▸ SUPPLIED INFORMATION:
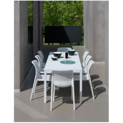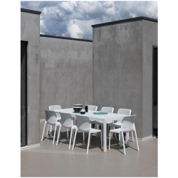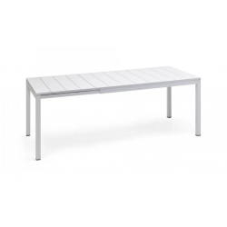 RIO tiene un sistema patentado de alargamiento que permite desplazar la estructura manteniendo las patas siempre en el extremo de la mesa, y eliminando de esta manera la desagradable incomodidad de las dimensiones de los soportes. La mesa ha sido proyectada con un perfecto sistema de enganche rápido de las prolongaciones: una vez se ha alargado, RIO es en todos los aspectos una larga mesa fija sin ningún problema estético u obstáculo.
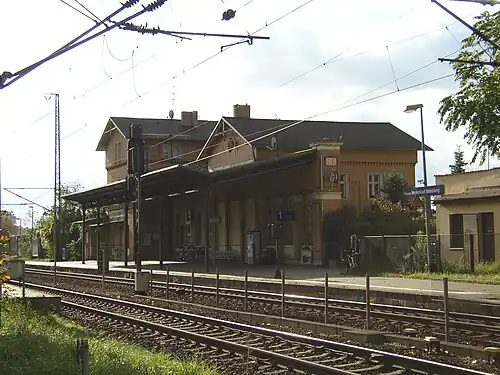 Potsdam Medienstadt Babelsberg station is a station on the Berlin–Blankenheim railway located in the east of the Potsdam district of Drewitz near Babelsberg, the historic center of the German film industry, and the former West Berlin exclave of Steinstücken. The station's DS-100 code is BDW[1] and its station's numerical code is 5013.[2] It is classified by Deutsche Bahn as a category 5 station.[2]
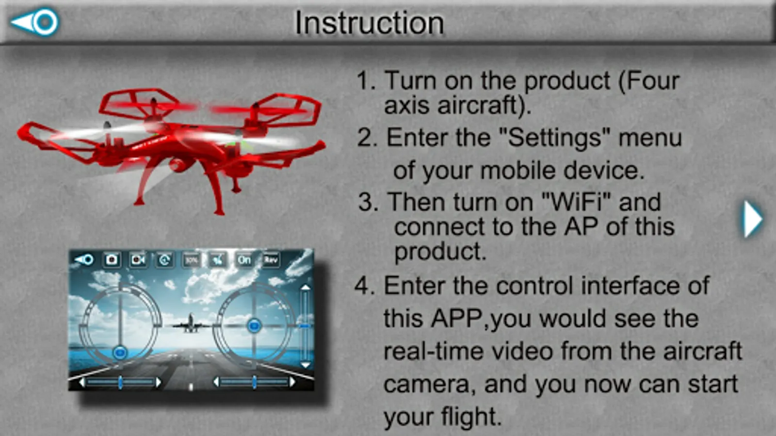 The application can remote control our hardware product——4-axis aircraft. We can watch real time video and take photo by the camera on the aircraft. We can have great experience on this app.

▸ EXERCISE GOAL: Reproduce the full listing verbatim so that only the pictures are missing.

▸ TASK ANSWER:
 RIO tiene un sistema patentado de alargamiento que permite desplazar la estructura manteniendo las patas siempre en el extremo de la mesa, y eliminando de esta manera la desagradable incomodidad de las dimensiones de los soportes. La mesa ha sido proyectada con un perfecto sistema de enganche rápido de las prolongaciones: una vez se ha alargado, RIO es en todos los aspectos una larga mesa fija sin ningún problema estético u obstáculo.
 Potsdam Medienstadt Babelsberg station is a station on the Berlin–Blankenheim railway located in the east of the Potsdam district of Drewitz near Babelsberg, the historic center of the German film industry, and the former West Berlin exclave of Steinstücken. The station's DS-100 code is BDW[1] and its station's numerical code is 5013.[2] It is classified by Deutsche Bahn as a category 5 station.[2]
 The application can remote control our hardware product——4-axis aircraft. We can watch real time video and take photo by the camera on the aircraft. We can have great experience on this app.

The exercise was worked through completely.